• [PROBLEM STATEMENT]:
All records below are to be repeated exactly, with the pictures left out.

• [DATA LISTING]:
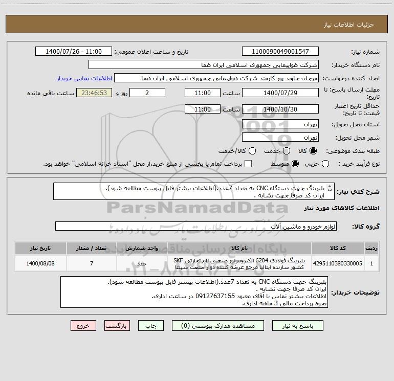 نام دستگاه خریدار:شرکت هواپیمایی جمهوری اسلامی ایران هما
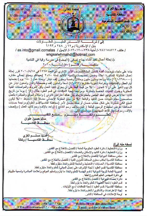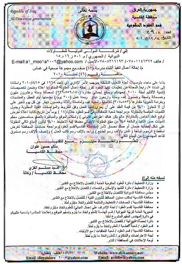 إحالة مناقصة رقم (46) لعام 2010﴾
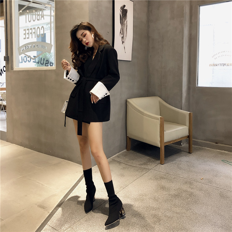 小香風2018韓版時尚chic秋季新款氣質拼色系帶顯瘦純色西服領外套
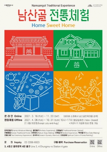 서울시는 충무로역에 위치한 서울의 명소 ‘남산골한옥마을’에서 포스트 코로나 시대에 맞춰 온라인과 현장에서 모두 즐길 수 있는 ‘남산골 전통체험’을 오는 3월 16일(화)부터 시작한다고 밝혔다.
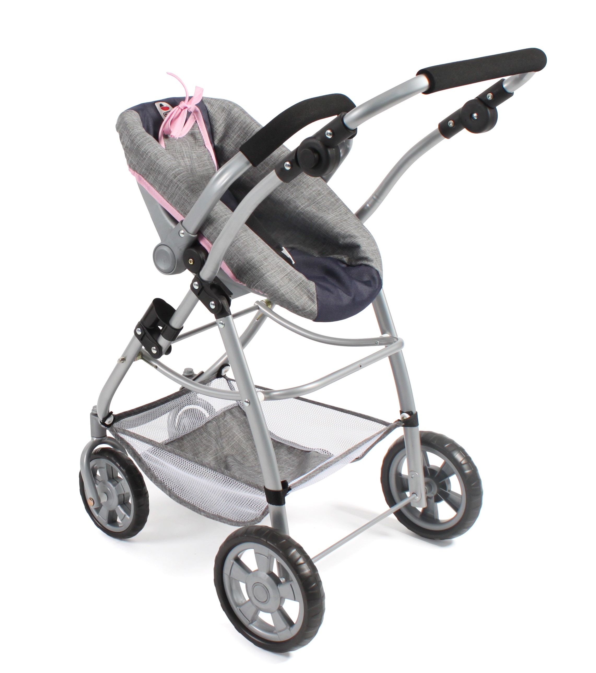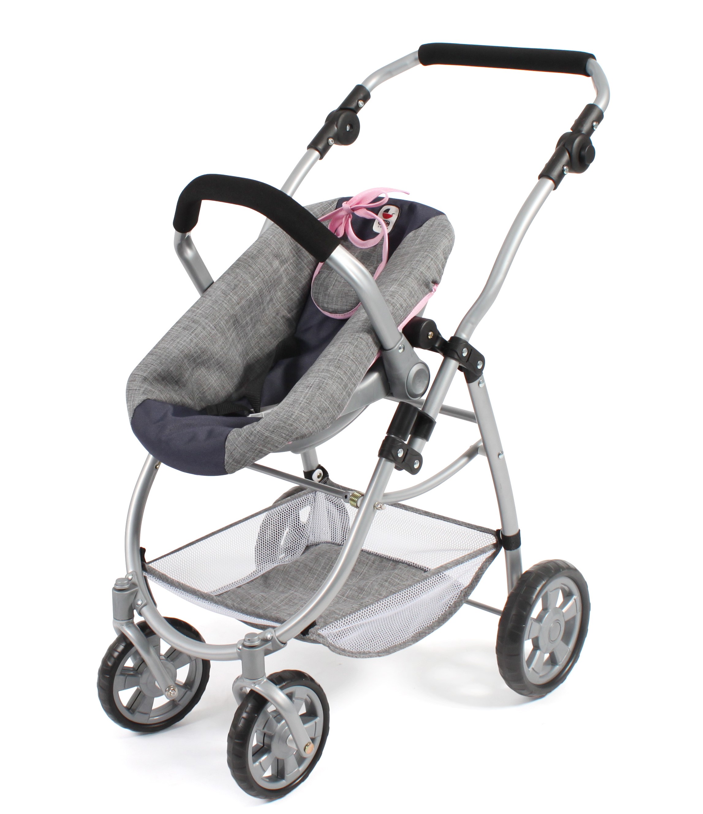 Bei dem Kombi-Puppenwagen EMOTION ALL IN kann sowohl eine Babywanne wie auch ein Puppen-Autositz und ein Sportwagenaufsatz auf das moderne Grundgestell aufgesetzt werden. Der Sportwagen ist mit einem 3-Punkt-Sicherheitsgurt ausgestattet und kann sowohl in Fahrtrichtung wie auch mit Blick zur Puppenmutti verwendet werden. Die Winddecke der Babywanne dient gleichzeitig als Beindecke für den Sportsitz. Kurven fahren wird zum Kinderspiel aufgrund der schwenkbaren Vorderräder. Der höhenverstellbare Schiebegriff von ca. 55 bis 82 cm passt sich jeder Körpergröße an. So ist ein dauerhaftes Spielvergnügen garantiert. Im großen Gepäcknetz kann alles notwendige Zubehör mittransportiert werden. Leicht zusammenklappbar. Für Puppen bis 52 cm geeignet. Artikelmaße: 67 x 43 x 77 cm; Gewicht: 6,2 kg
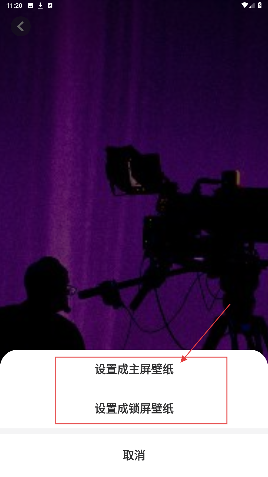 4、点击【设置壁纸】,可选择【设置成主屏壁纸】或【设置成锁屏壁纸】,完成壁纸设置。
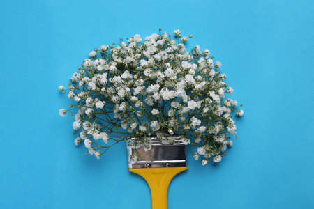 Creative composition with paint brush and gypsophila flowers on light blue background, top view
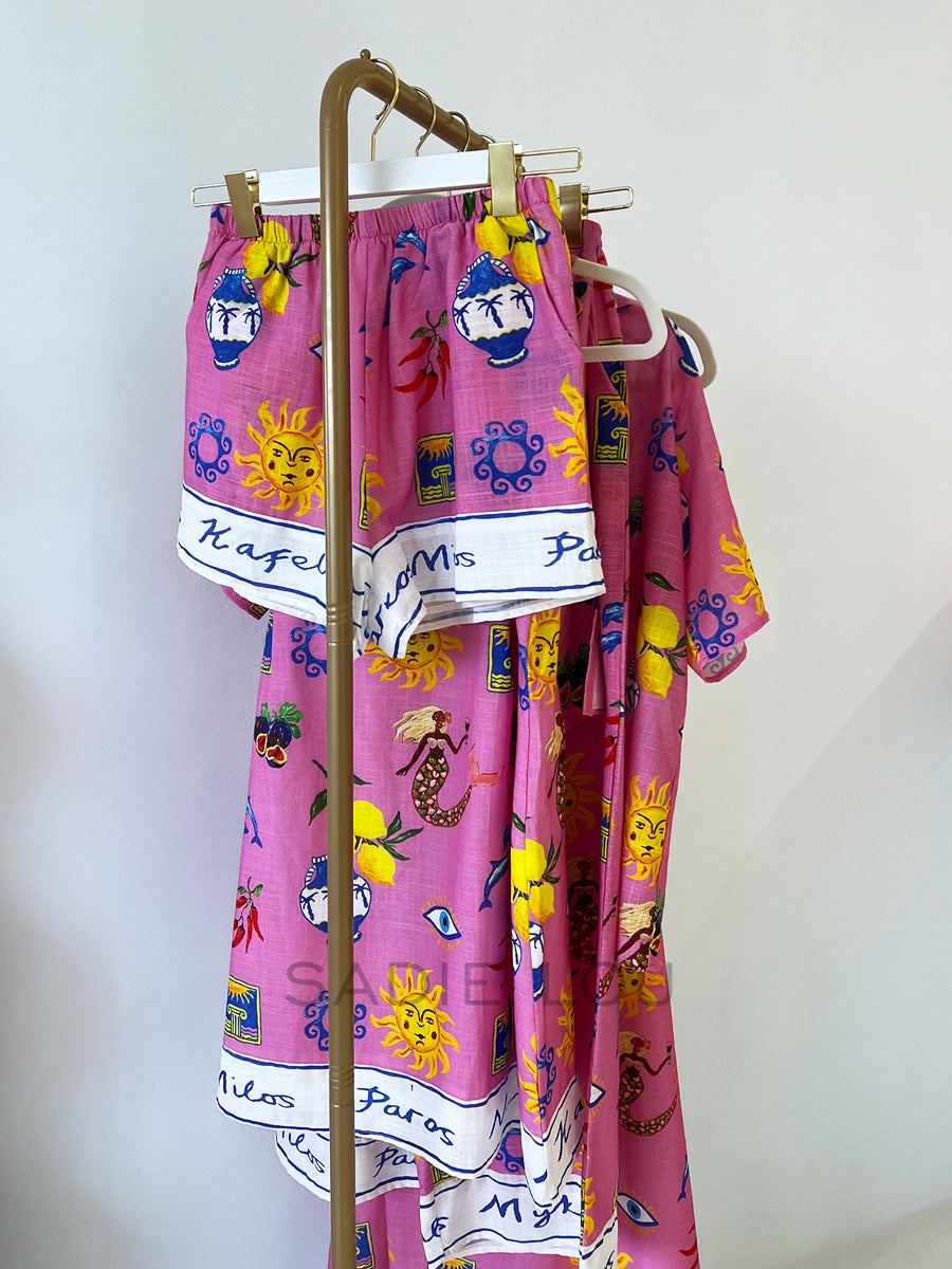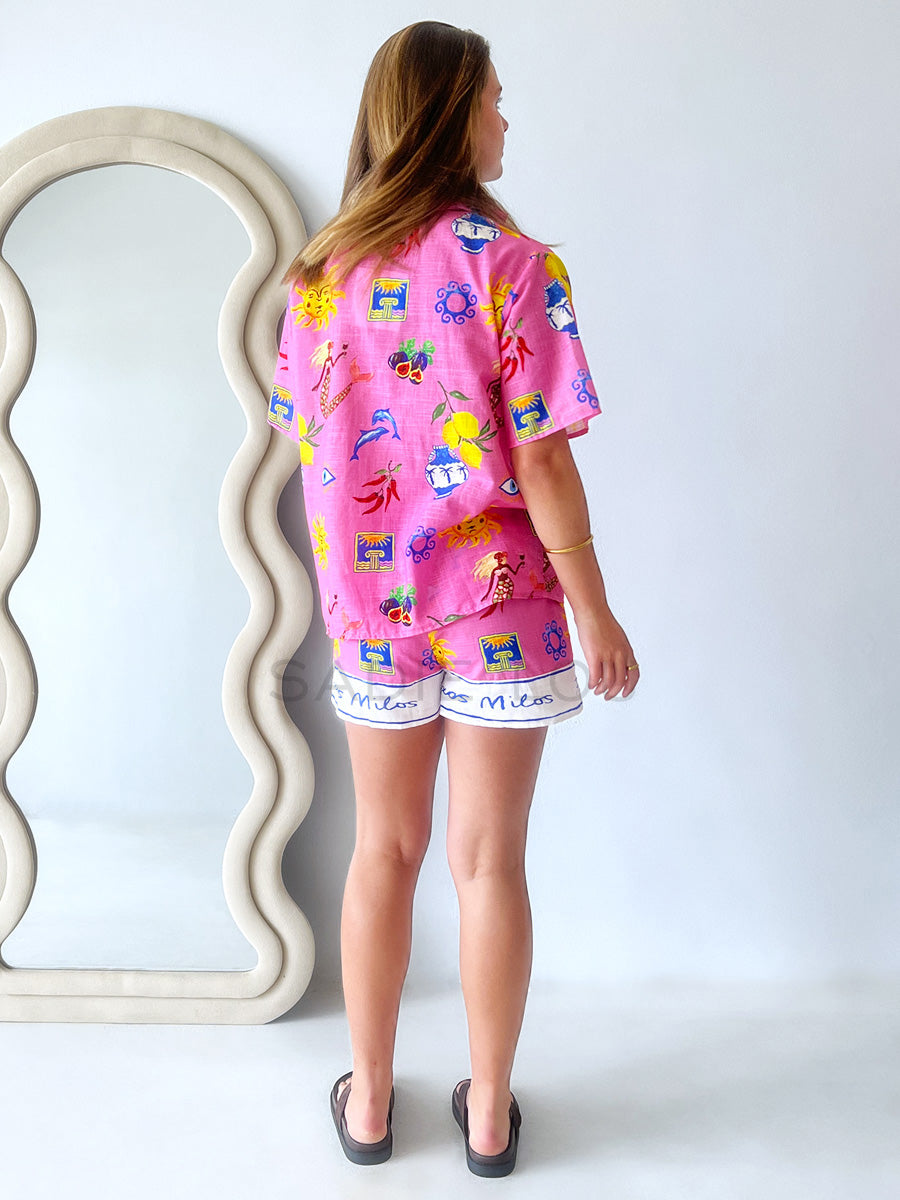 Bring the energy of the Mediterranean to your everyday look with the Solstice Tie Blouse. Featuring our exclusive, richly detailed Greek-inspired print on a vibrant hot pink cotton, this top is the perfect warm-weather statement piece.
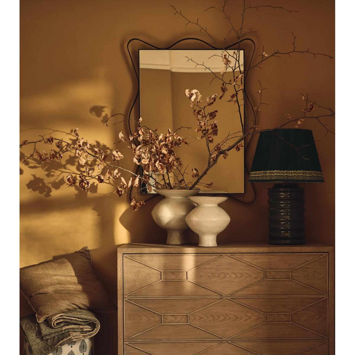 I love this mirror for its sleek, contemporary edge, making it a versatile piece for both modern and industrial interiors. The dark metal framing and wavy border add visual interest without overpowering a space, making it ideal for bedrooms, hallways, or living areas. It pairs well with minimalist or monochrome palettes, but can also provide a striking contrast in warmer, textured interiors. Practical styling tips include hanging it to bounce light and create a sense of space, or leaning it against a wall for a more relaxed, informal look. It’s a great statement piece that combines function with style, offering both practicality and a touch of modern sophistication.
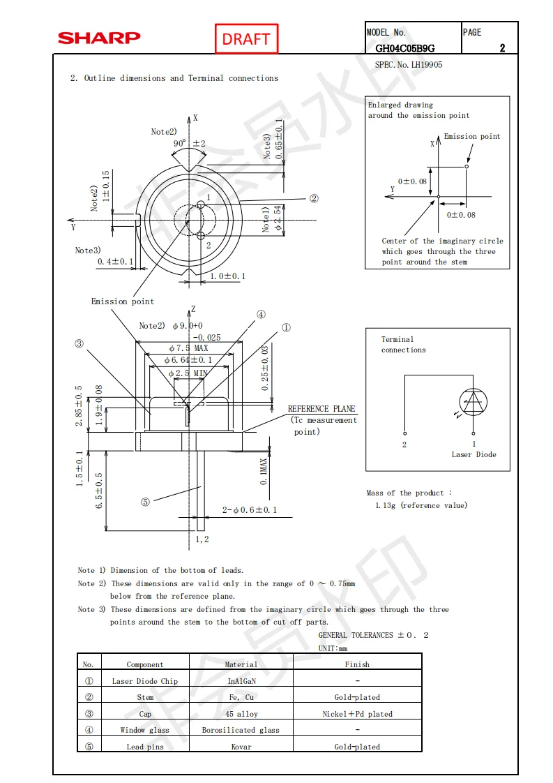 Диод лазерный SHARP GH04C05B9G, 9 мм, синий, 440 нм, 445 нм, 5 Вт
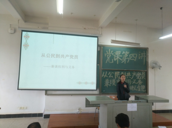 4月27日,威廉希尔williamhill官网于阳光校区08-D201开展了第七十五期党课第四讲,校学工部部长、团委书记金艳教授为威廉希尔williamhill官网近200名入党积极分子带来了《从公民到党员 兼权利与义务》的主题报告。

• [SOLUTION FOR THIS PROBLEM]:
 نام دستگاه خریدار:شرکت هواپیمایی جمهوری اسلامی ایران هما
 إحالة مناقصة رقم (46) لعام 2010﴾
 小香風2018韓版時尚chic秋季新款氣質拼色系帶顯瘦純色西服領外套
 서울시는 충무로역에 위치한 서울의 명소 ‘남산골한옥마을’에서 포스트 코로나 시대에 맞춰 온라인과 현장에서 모두 즐길 수 있는 ‘남산골 전통체험’을 오는 3월 16일(화)부터 시작한다고 밝혔다.
 Bei dem Kombi-Puppenwagen EMOTION ALL IN kann sowohl eine Babywanne wie auch ein Puppen-Autositz und ein Sportwagenaufsatz auf das moderne Grundgestell aufgesetzt werden. Der Sportwagen ist mit einem 3-Punkt-Sicherheitsgurt ausgestattet und kann sowohl in Fahrtrichtung wie auch mit Blick zur Puppenmutti verwendet werden. Die Winddecke der Babywanne dient gleichzeitig als Beindecke für den Sportsitz. Kurven fahren wird zum Kinderspiel aufgrund der schwenkbaren Vorderräder. Der höhenverstellbare Schiebegriff von ca. 55 bis 82 cm passt sich jeder Körpergröße an. So ist ein dauerhaftes Spielvergnügen garantiert. Im großen Gepäcknetz kann alles notwendige Zubehör mittransportiert werden. Leicht zusammenklappbar. Für Puppen bis 52 cm geeignet. Artikelmaße: 67 x 43 x 77 cm; Gewicht: 6,2 kg
 4、点击【设置壁纸】,可选择【设置成主屏壁纸】或【设置成锁屏壁纸】,完成壁纸设置。
 Creative composition with paint brush and gypsophila flowers on light blue background, top view
 Bring the energy of the Mediterranean to your everyday look with the Solstice Tie Blouse. Featuring our exclusive, richly detailed Greek-inspired print on a vibrant hot pink cotton, this top is the perfect warm-weather statement piece.
 I love this mirror for its sleek, contemporary edge, making it a versatile piece for both modern and industrial interiors. The dark metal framing and wavy border add visual interest without overpowering a space, making it ideal for bedrooms, hallways, or living areas. It pairs well with minimalist or monochrome palettes, but can also provide a striking contrast in warmer, textured interiors. Practical styling tips include hanging it to bounce light and create a sense of space, or leaning it against a wall for a more relaxed, informal look. It’s a great statement piece that combines function with style, offering both practicality and a touch of modern sophistication.
 Диод лазерный SHARP GH04C05B9G, 9 мм, синий, 440 нм, 445 нм, 5 Вт
 4月27日,威廉希尔williamhill官网于阳光校区08-D201开展了第七十五期党课第四讲,校学工部部长、团委书记金艳教授为威廉希尔williamhill官网近200名入党积极分子带来了《从公民到党员 兼权利与义务》的主题报告。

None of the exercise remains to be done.